I'm trying to create automated tests for my Logstash pipeline config. I want to load multiple data sets from MySQL and for each data set, test that the raw data was transformed and filtered properly when loaded into Elasticsearch.
My plan is to use docker-compose to start containers for MySQL, Elasticsearch, Logstash, and my test runner. The biggest hurdle I have is triggering an import from the test runner, which is in its own container.
I can't run
logstash -f mypipeline.conf from the test runner because Logstash is in another container, and Logstash doesn't appear to have an API for triggering a "run." I can start Logstash with automatic config reloading enabled, have the test runner put the pipeline config in a shared volume, and wait for Logstash to reload, but that seems clunky. The only way I would know the data set was loaded is by checking the pipeline stats API for the number of events sent to Elasticsearch and comparing it to the number of records in my raw data set, or putting the Logstash logs in a shared volume and checking for the "Pipeline has terminated" message. This would also be difficult to set up and tear down from the test runner, which I would want to do between every set of tests.

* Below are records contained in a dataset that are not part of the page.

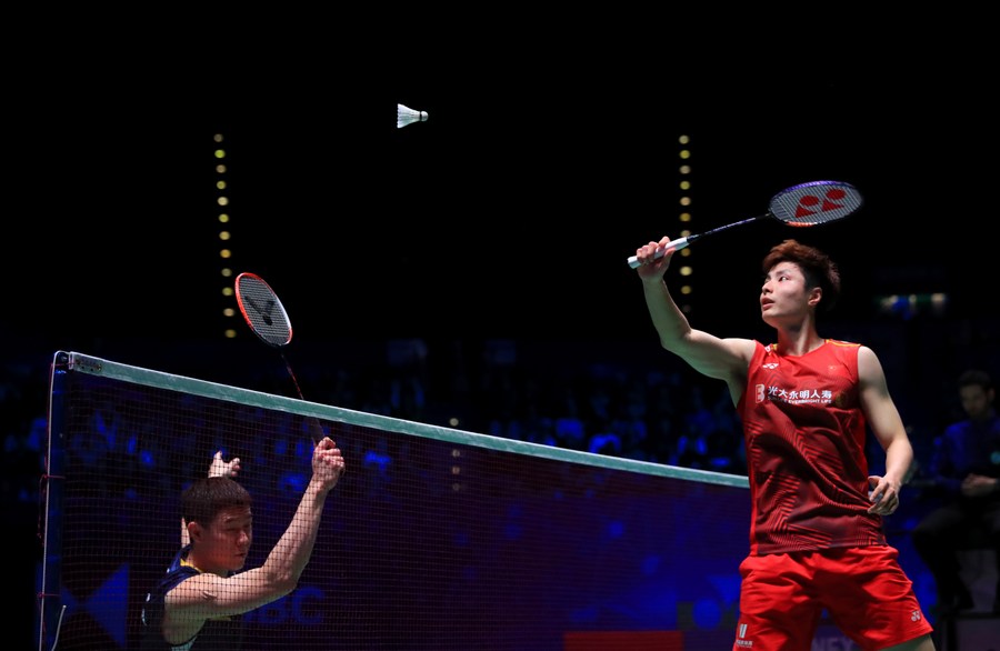 China's Shi Yuqi (R) returns a shot during the men's semifinal against Malaysia's Lee Zii Jia at All England Open Badminton Championships 2023 in Birmingham, Britain, March 18, 2023. (Xinhua/Li Ying)
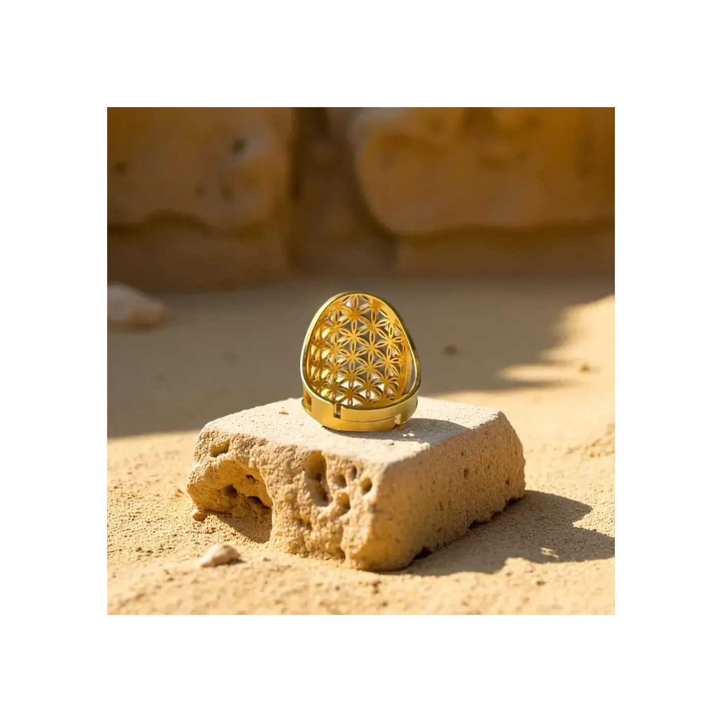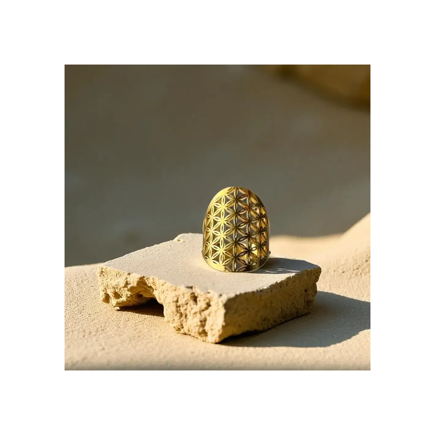 Cette bague est réalisée avec soin, en utilisant des matériaux de qualité. La fleur de vie, gravée avec minutie sur la pierre naturelle, est un symbole puissant de régénération et de croissance. Portez ce bijou avec fierté, en tant que talisman protecteur et source d'énergie positive.
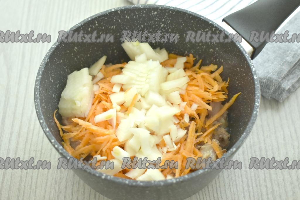 Сразу же добавляем лук, нарезанный на небольшие кусочки, перемешиваем и обжариваем минут 5-7 (морковка должна стать мягкой), иногда помешивая.

Another possibility is to not put the test runner in a container at all, and instead to have it run docker-compose itself. Then it could start and stop containers to do set up and tear down between tests. After every test, the Logstash container could be restarted, which would automatically trigger an import. However, this still leaves the problem of knowing when an import is finished.
Is there a better way to do all this? logstash-test-runner is close to what I want, but it expects input from files, not a database.